### Your instructions:
In the data below, find the line that contains "Komplet trzech wielofunkcyjnych" and the line that contains "Пульт дистанционного управления". Copy both, plus every line between them, exactly.

--- Given data ---

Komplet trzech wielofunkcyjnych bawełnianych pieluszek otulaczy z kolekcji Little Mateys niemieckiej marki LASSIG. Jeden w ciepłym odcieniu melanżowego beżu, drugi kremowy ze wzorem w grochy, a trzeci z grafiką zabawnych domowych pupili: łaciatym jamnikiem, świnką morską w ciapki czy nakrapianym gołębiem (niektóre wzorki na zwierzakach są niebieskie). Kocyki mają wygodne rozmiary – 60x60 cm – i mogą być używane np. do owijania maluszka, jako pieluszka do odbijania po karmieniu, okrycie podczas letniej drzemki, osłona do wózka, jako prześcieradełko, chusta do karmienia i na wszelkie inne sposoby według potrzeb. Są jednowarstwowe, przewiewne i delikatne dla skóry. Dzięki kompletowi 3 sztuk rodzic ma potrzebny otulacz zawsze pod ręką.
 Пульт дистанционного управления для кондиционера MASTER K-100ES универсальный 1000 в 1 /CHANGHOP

---
--- Given data ---

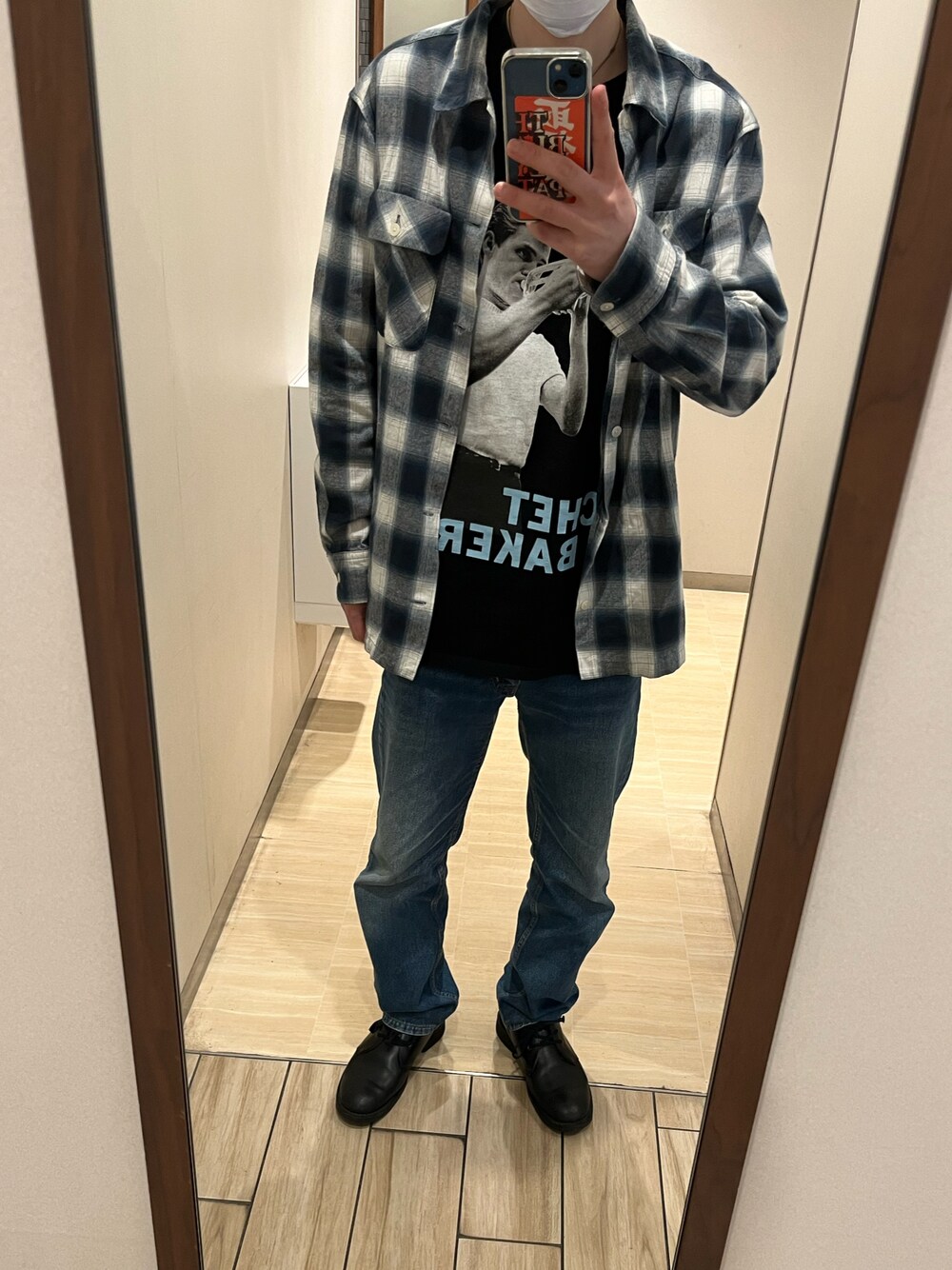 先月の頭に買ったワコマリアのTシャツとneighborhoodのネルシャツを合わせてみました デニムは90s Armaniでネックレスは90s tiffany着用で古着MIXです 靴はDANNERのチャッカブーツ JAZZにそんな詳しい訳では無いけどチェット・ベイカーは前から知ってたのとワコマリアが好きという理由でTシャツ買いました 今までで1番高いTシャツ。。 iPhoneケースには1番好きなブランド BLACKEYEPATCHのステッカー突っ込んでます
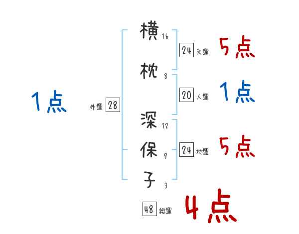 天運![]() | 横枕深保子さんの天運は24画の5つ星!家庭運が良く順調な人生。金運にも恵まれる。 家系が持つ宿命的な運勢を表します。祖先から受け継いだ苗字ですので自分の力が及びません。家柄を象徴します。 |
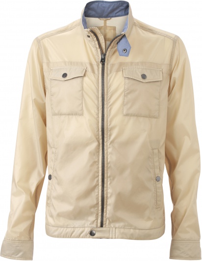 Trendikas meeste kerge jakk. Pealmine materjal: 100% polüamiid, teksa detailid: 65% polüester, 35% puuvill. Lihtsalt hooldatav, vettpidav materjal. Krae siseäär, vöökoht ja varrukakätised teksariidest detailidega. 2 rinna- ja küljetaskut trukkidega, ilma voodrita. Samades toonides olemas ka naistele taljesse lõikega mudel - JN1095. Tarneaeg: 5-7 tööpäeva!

---
--- Given data ---

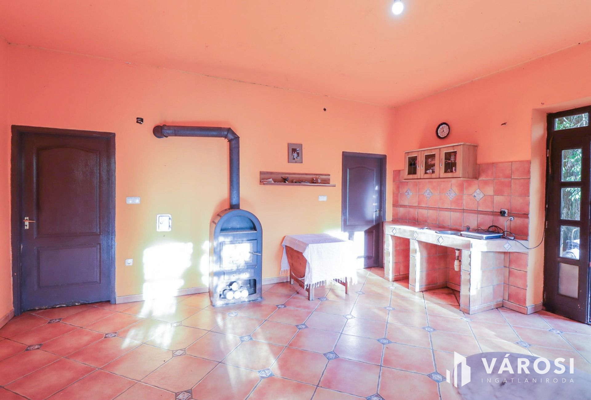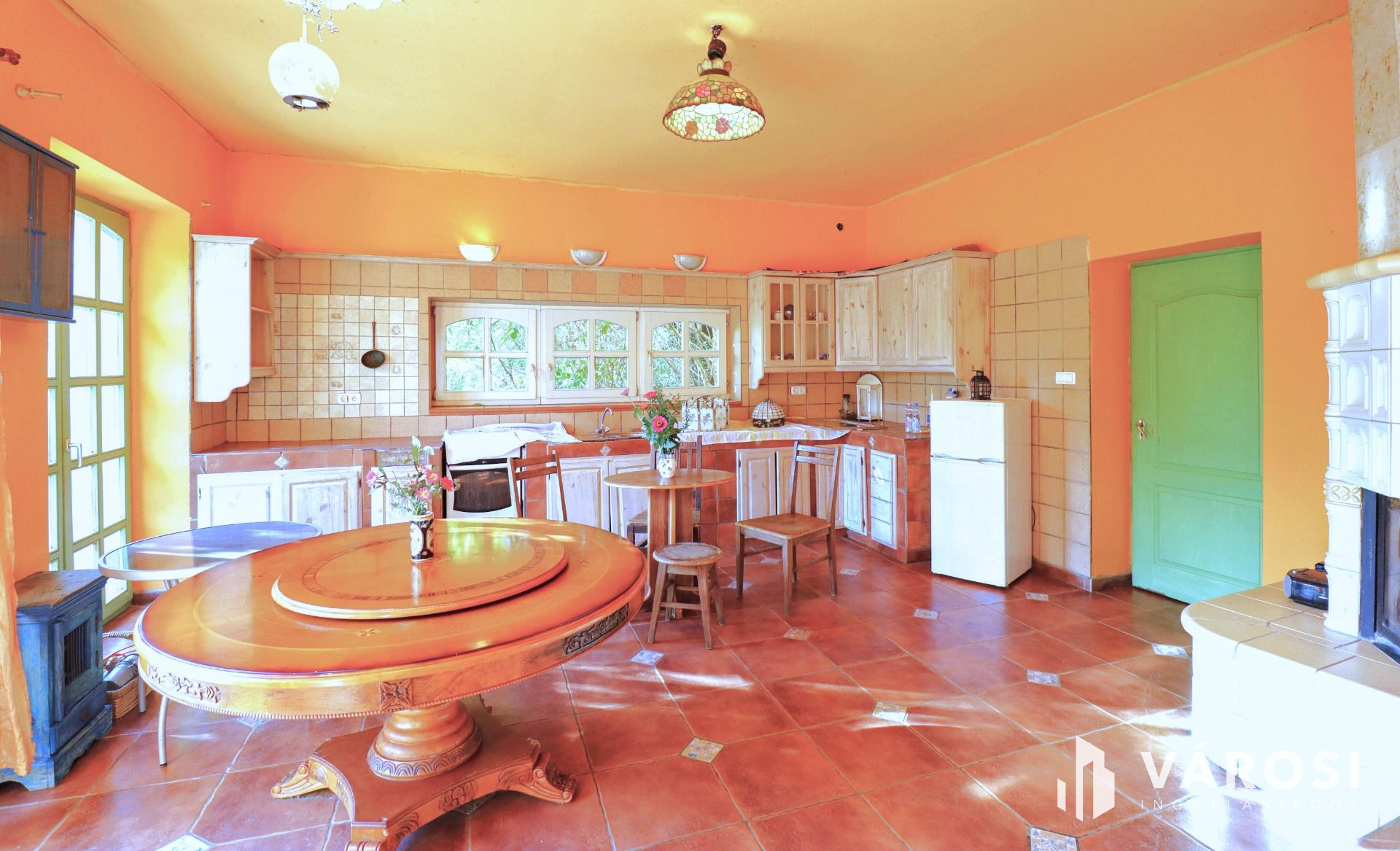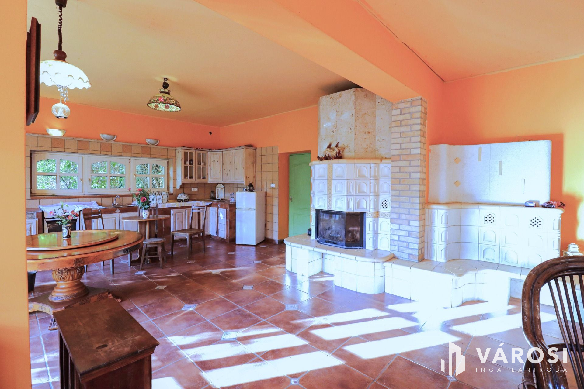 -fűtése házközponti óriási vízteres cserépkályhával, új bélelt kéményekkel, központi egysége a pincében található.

---

### Solution for this problem:
Komplet trzech wielofunkcyjnych bawełnianych pieluszek otulaczy z kolekcji Little Mateys niemieckiej marki LASSIG. Jeden w ciepłym odcieniu melanżowego beżu, drugi kremowy ze wzorem w grochy, a trzeci z grafiką zabawnych domowych pupili: łaciatym jamnikiem, świnką morską w ciapki czy nakrapianym gołębiem (niektóre wzorki na zwierzakach są niebieskie). Kocyki mają wygodne rozmiary – 60x60 cm – i mogą być używane np. do owijania maluszka, jako pieluszka do odbijania po karmieniu, okrycie podczas letniej drzemki, osłona do wózka, jako prześcieradełko, chusta do karmienia i na wszelkie inne sposoby według potrzeb. Są jednowarstwowe, przewiewne i delikatne dla skóry. Dzięki kompletowi 3 sztuk rodzic ma potrzebny otulacz zawsze pod ręką.
 Пульт дистанционного управления для кондиционера MASTER K-100ES универсальный 1000 в 1 /CHANGHOP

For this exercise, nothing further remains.